I've a machine, running a rather common load. Webserver, running apache / mod_perl,
middling CPU usage, database traffic, etc. Usage is average 80kbytes/sec all day,
peaks are at 200kbytes/second. Distro is rh 7.2, running the newest kernel, but I've tried
2.4.20-pre9 and 2.4.17.

What's not common is this:

Constantly, every 270 seconds, the cpu usage 'pins the needle',
the runqueue gets to 50 or more processes, the number of context switches goes
much higher than normal. During these burps, process launch appears stalled, but shell
interactive responsiveness stays normal and ping times do not change. My load graphs look
like near perfect sawtooth waves. Load spikes go up to 40 or more, then steady down to 3.5

The actual web traffic load on the machine is quite predictable, and varies slowly over the day,
not every 4 1/2 minutes.
Its got lots of ram, I think, and most of the time, its not all that heavily loaded, since it
averages at least 20% idle during the non-burp times.

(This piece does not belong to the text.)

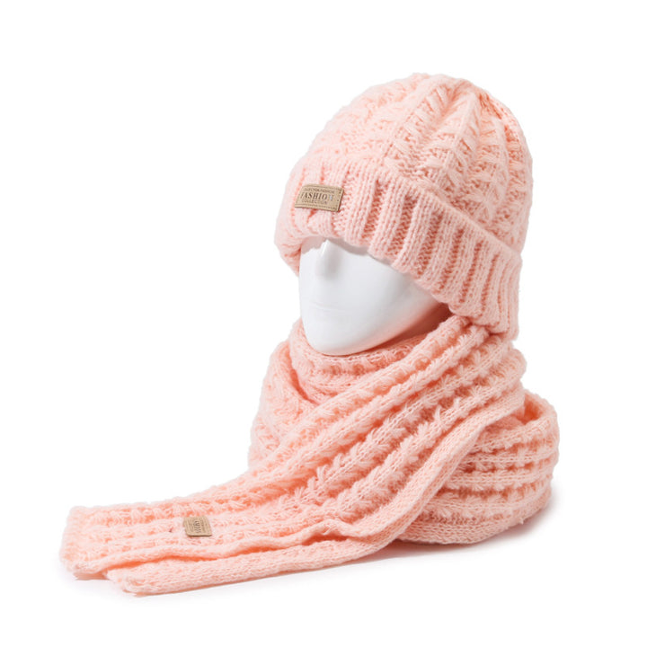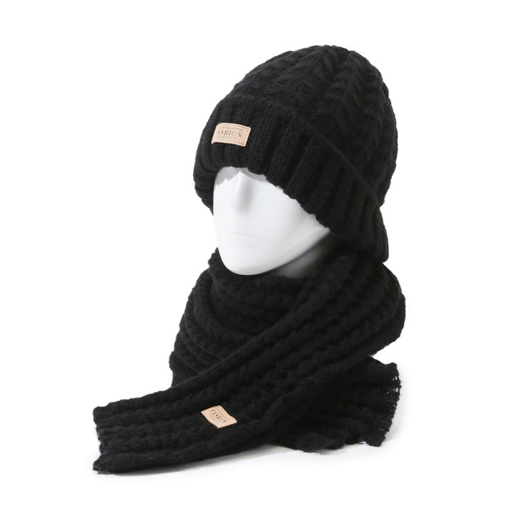 Knitted wool hat scarf two-piece set winter warm ear protection cotton hat Korean version student versatile solid color scarf cold hat

This is regardless of load. Our traffic peaks in the morning and this behaviour is constant
all day. I've limited the process count, done the usual tuning things, added ram, etc.
I booted with profile=2 and have some details to follow. We have machines running
the same kernel with much heavier net traffic that are running less cpu bound, just
serving static content. They show no such burps.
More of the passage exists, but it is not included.